● **What is expected**
After dropping the pictures, give again exactly the lines of the data from its first line through the line with "Mouwloze, gebreide korte", which is included as well.

● **Information supplied**
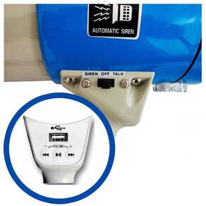Megafone SK 66 da CSR com microfone de mão, Botão com som musical e Cone com proteção de borracha na borda.Ficha Técnica:- Cone com proteção de borracha na borda;- Controle de volume;- Microfone de mão com controle de volume;- Botão Liga/Desliga;- Botão com som musical;- Som de alerta Sirene ;- Entrada USB;- Alcance máximo: 600mts;- Potência: 25W;- Utiliza 8 pilhas, não inclusas;- Dimensões D x C : 230,00 x 340,00mm;- Peso: 1,3kg.Obs.: As informações e fotos deste produto são fornecidas pelo fabricante, sendo inteiramente de sua responsabilidade. As imagens são meramente ilustrativas.Fabricante: CSR
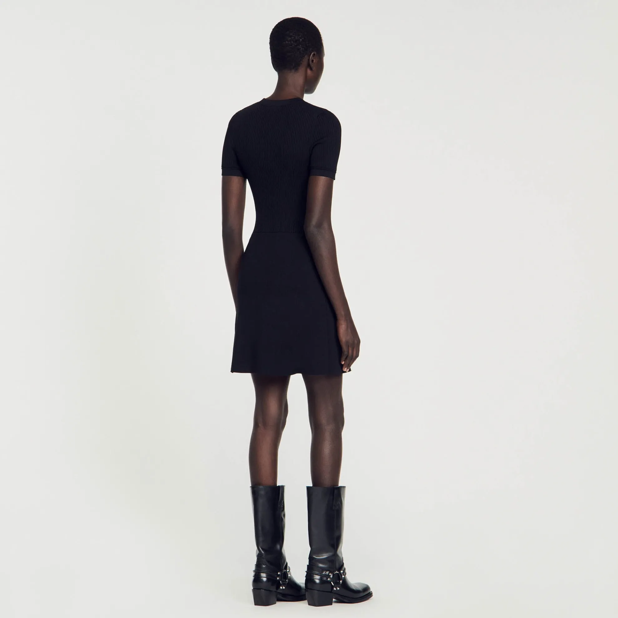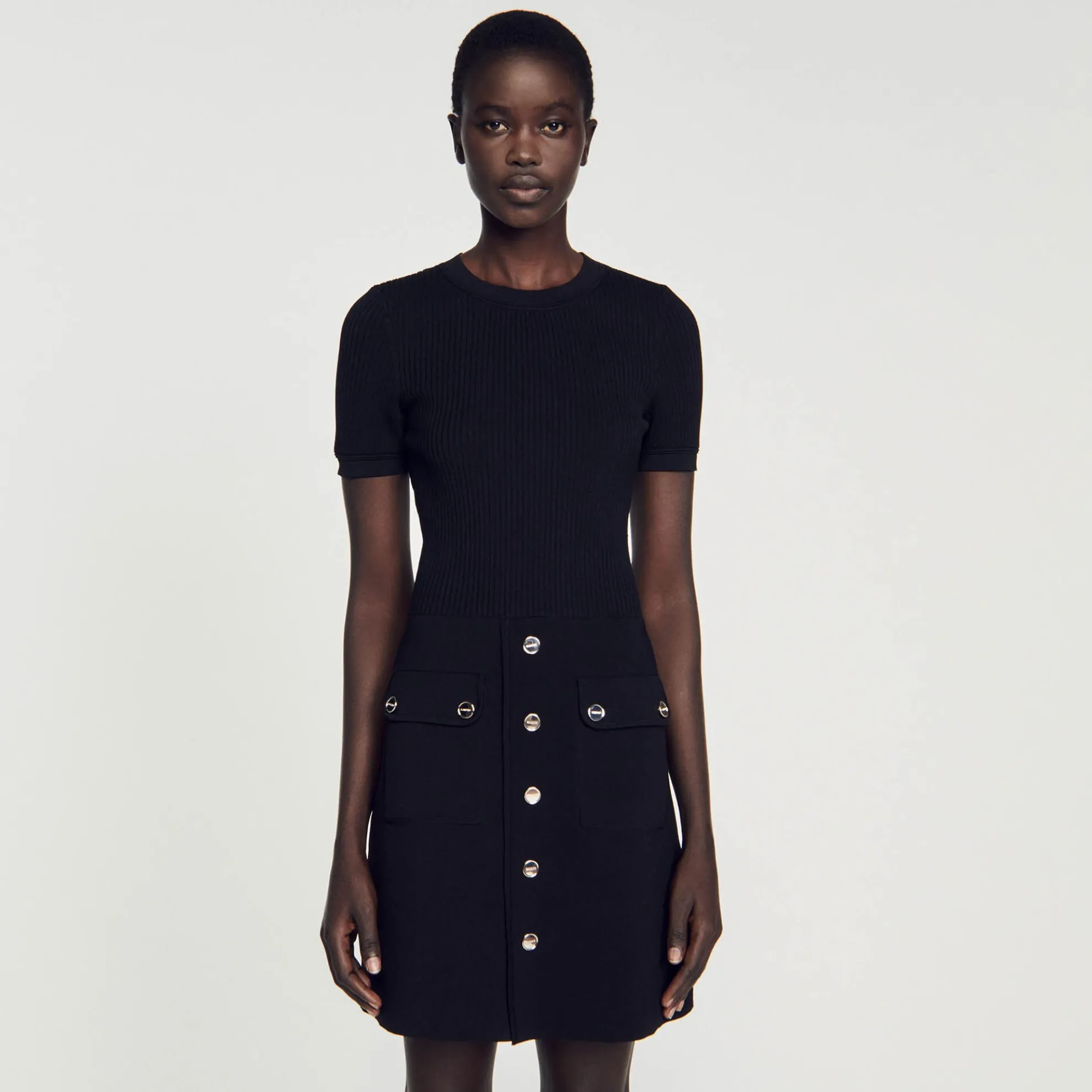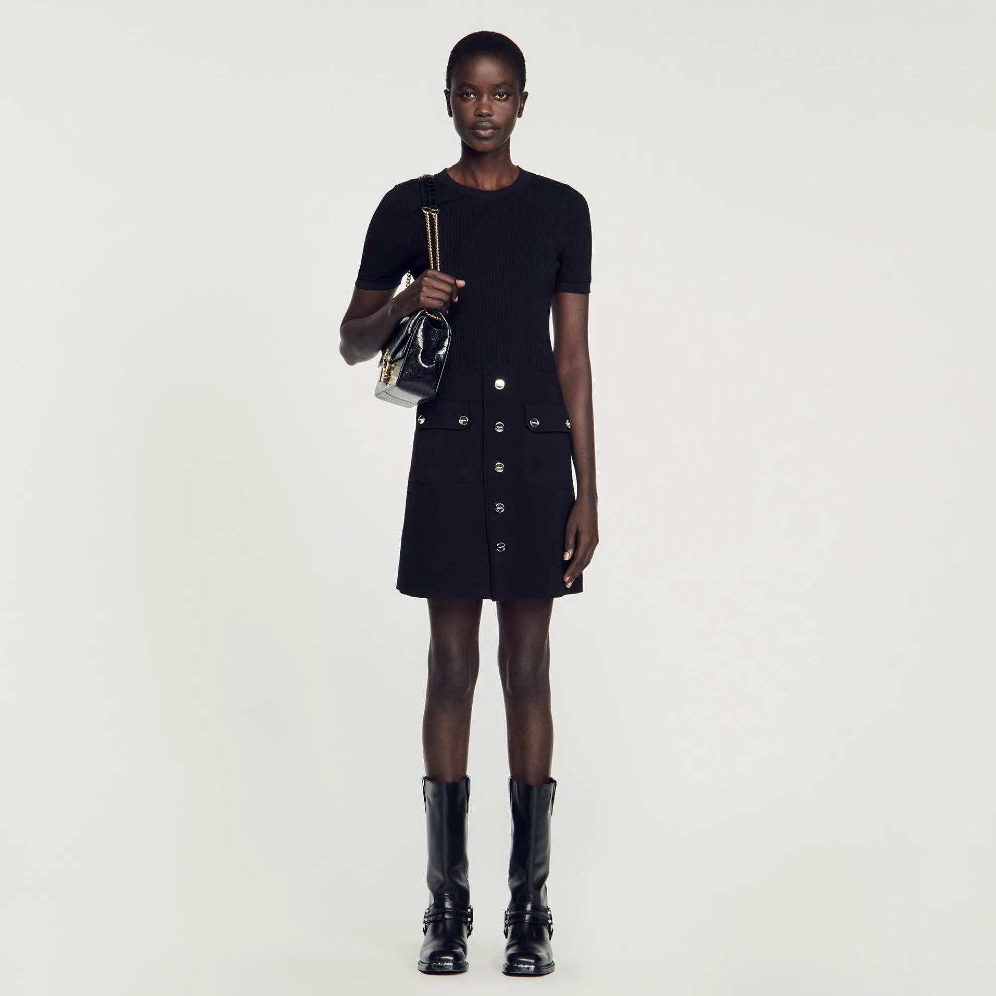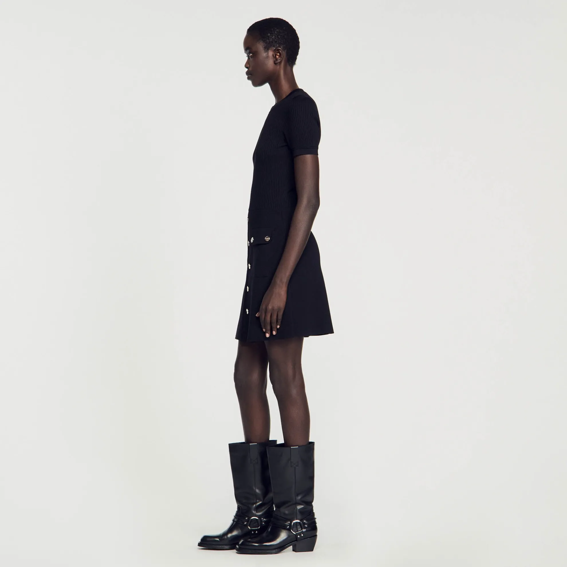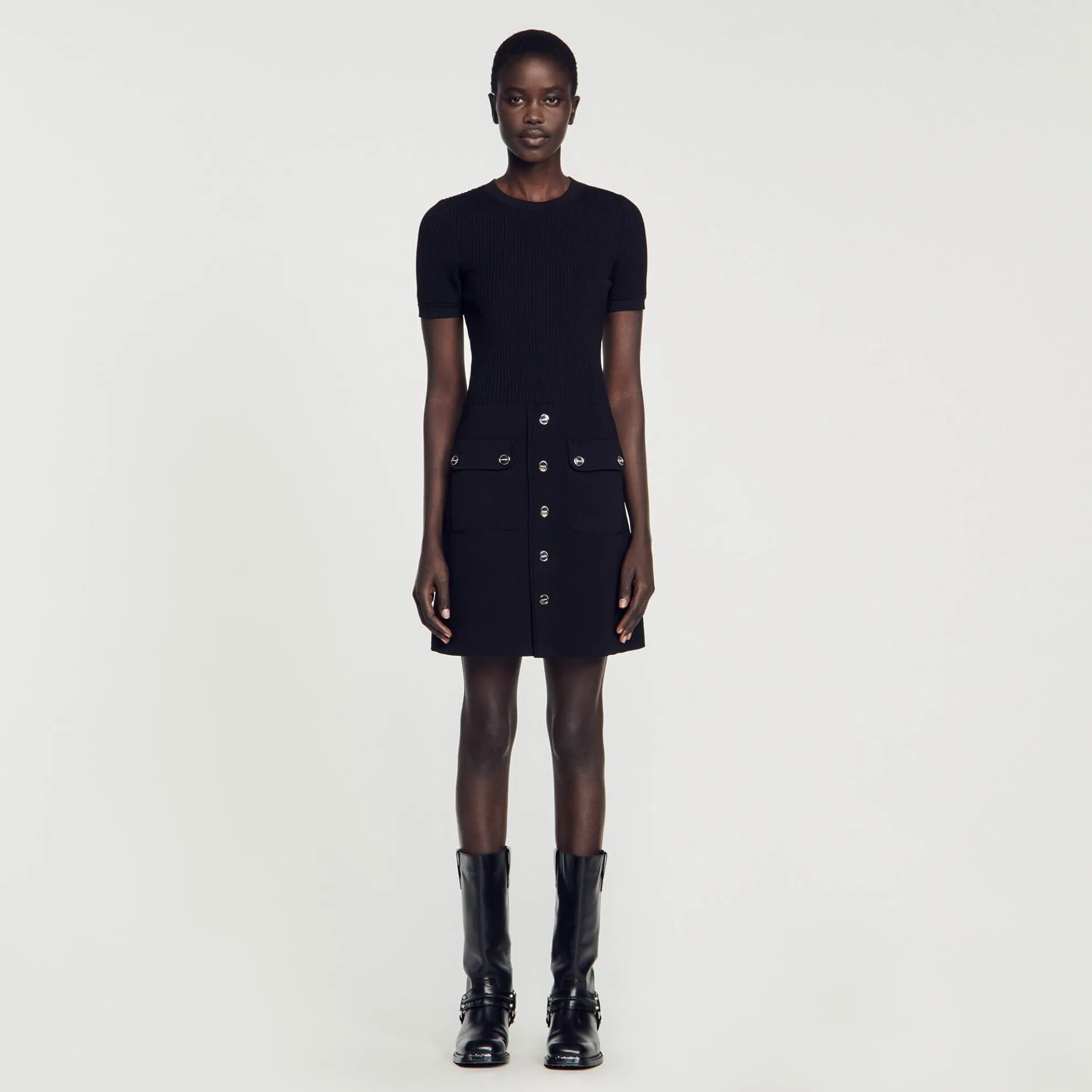 Mouwloze, gebreide korte jurk met uitlopende zoom en opgestikte klepzakken.
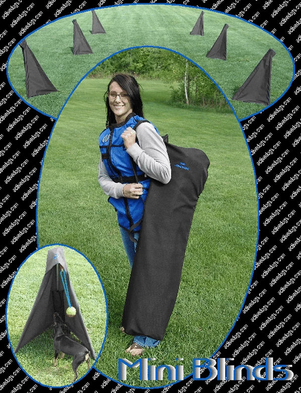 The Mini Blind is a economial training tool in teaching your dog to run the blinds when you don’t have the space or don’t want to invest in a full size set of blinds. These little blinds are being used all over Europe for training. The Mini Blinds work great for practice and are so portable you can train anywhere. Our Mini Blinds are patterned after our full size blinds and made with the same high quality construction. We use outdoor marine grade fabric that will not fade or rot. We have incorporated our blind hold down stake system in these little blinds. They are a compact size for training and easy transport, poles measure 34″. They can be used indoors or outdoors and our blinds will not blow down on windy days. And like all our blinds the material will never slide down the poles. We have added an extra feature to these little training blinds. We have added a small metal close pin type clip to each blind so you can hang a ball or tug from the blind for the dog during training. You can also use the blind for the send out. Our Mini Blinds are sold in sets of six blinds. Included with each set is a strong ballistic material carrying bag with shoulder strap and handle, 18 hold down stakes, and stake bag. When you’re done using them they store away effortlessly.
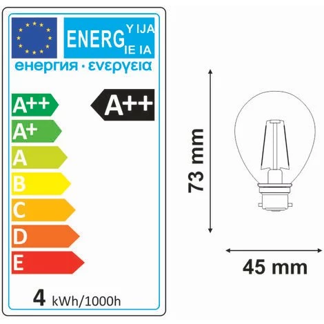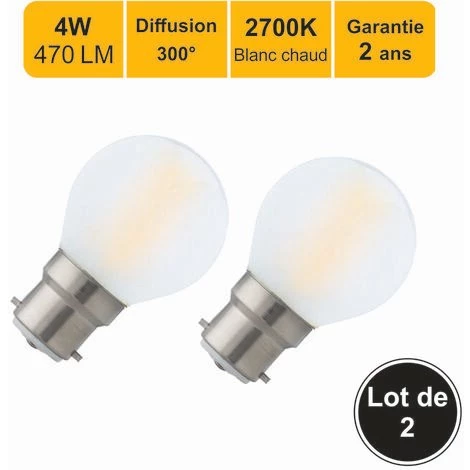 Lot de 2 ampoule LED filament sphérique B22 4W (equiv. 40W) 470Lm 2700K

● **Response to the task**
Megafone SK 66 da CSR com microfone de mão, Botão com som musical e Cone com proteção de borracha na borda.Ficha Técnica:- Cone com proteção de borracha na borda;- Controle de volume;- Microfone de mão com controle de volume;- Botão Liga/Desliga;- Botão com som musical;- Som de alerta Sirene ;- Entrada USB;- Alcance máximo: 600mts;- Potência: 25W;- Utiliza 8 pilhas, não inclusas;- Dimensões D x C : 230,00 x 340,00mm;- Peso: 1,3kg.Obs.: As informações e fotos deste produto são fornecidas pelo fabricante, sendo inteiramente de sua responsabilidade. As imagens são meramente ilustrativas.Fabricante: CSR
 Mouwloze, gebreide korte jurk met uitlopende zoom en opgestikte klepzakken.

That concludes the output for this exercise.